To be subject to Title VII or the ADEA, an employer must generally have the statutorily-required minimum number of employees. See 42 U.S.C. § 2000e(b) (minimum of fifteen employees for Title VII); 29 U.S.C. § 630(b) (minimum of twenty employees for the ADEA); see also Anderson v. Pac. Mar. Ass'n, 336 F.3d 924, 928-29 (9th Cir. 2003). However, a claim is not necessarily cognizable merely because the defendant meets the statutory definition of "employer". Id. at 929. There must also be some employment connection between the plaintiff and the employer-defendant. See Lutcher v. Musicians Union Local 47, 633 F.2d 880, 883 (9th Cir. 1980). That connection may be direct, as where the defendant solely or jointly employed the plaintiff at the time the conduct occurred, or indirect, as where the defendant's conduct interfered with the plaintiff's employment opportunities with another employer. See id. at 883 n. 3 (briefly mentioning interference with plaintiff's employment opportunities with another employer); see also EEOC v. Pac. Mar. Ass'n, 351 F.3d 1270, 1274 (9th Cir. 2003) (discussing both interference with plaintiff's employment opportunities and joint employment).

Here Fann could not have been Moore-White's sole employer because the undisputed facts very clearly indicate that Moore-White was employed by Mactec at all times relevant to this action. Mactec hired her in June 2007, at which point she was required to complete new-hire paperwork and attend an orientation. Mactec assigned her to the Big Lake project and paid her compensation and employment benefits throughout the project.

Nor was Fann a joint employer of Moore-White along with Mactec. Whether a joint employment relationship exists depends on the "economic realities" of a given relationship. Id. at 1275. Relevant factors include but are not limited to: (1) the defendant's right to hire, fire, or discipline the plaintiff, (2) the defendant's control over the plaintiff's pay rate, (3) the degree of control over the manner in which the plaintiff's work is to be performed, (4) the permanence of the working relationship, and (5) whether the service rendered is an integral part of the defendant's business. Id. at 1275-76.

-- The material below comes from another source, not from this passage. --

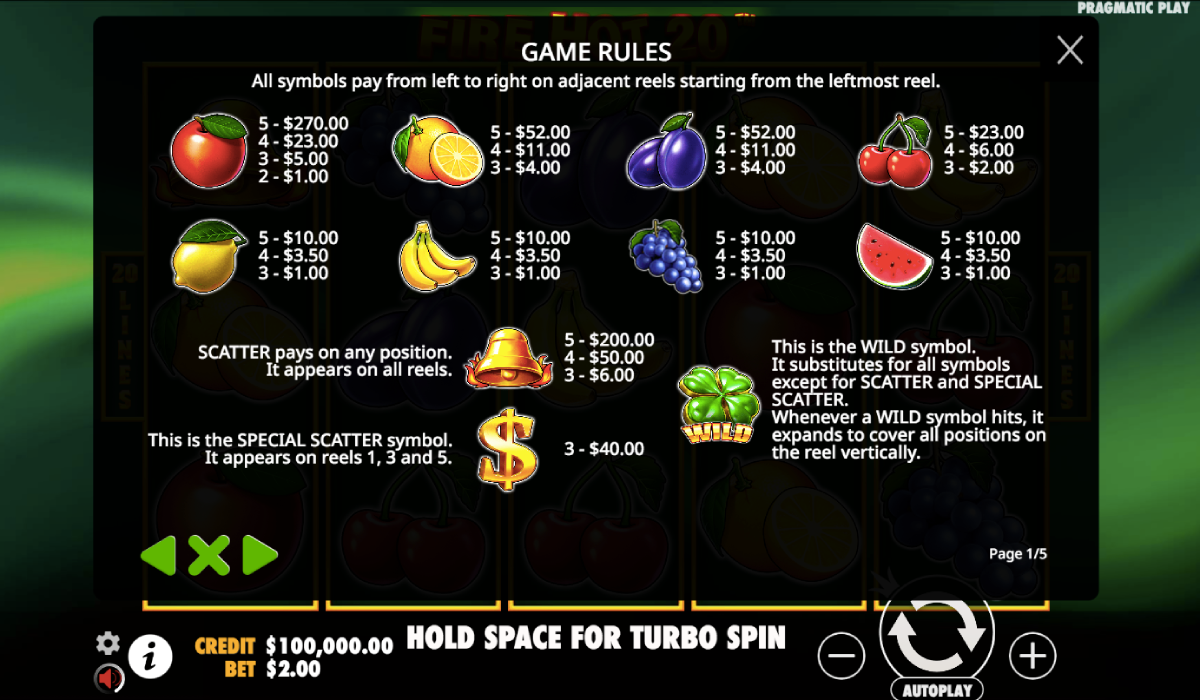 Fire Hot 20 is a game that includes special feature like Wilds, stacked symbols, Scatter Pays, and more. The game also has a bonus where you can get free spins. This is usually the best part because this is often when you can win large sums of money.

Moore-White was assigned to Fann's Big Lake project by Mactec. Fann had no right to hire, fire, or discipline Moore-White, as is evident from its unsuccessful attempt to have her removed from the project and the fact that it required no new-hire paperwork or orientations prior to the commencement of her work on the project. Fann also had no control over her formal performance evaluation, which referred to Fann only as a client. The terms, rate, and payment of Moore-White's compensation were controlled solely by Mactec, who was also entirely responsible for paying her social security taxes, unemployment compensation, and worker's compensation insurance premiums, and for providing the tools, supplies, and equipment necessary for Moore-White to do her job. Though she received some guidance from Fann employees as to where inspections were needed, Fann had no control over the manner in which she performed the substance of her quality control duties, which, by nature, were independent. When she had questions, she consulted HDR inspectors or individuals employed directly by the FHA. The working relationship between Moore-White and Fann was temporary in nature and necessary only because Fann was not in the business of providing quality control oversight. If anything, Moore-White's relationship with Fann was that of an independent contractor. Title VII, and therefore the ADEA, does not protect independent contractors. Adcock v. Chrysler Corp., 166 F.3d 1290, 1292 (9th Cir. 1999) (citing Lutcher, 633 F.2d at 883).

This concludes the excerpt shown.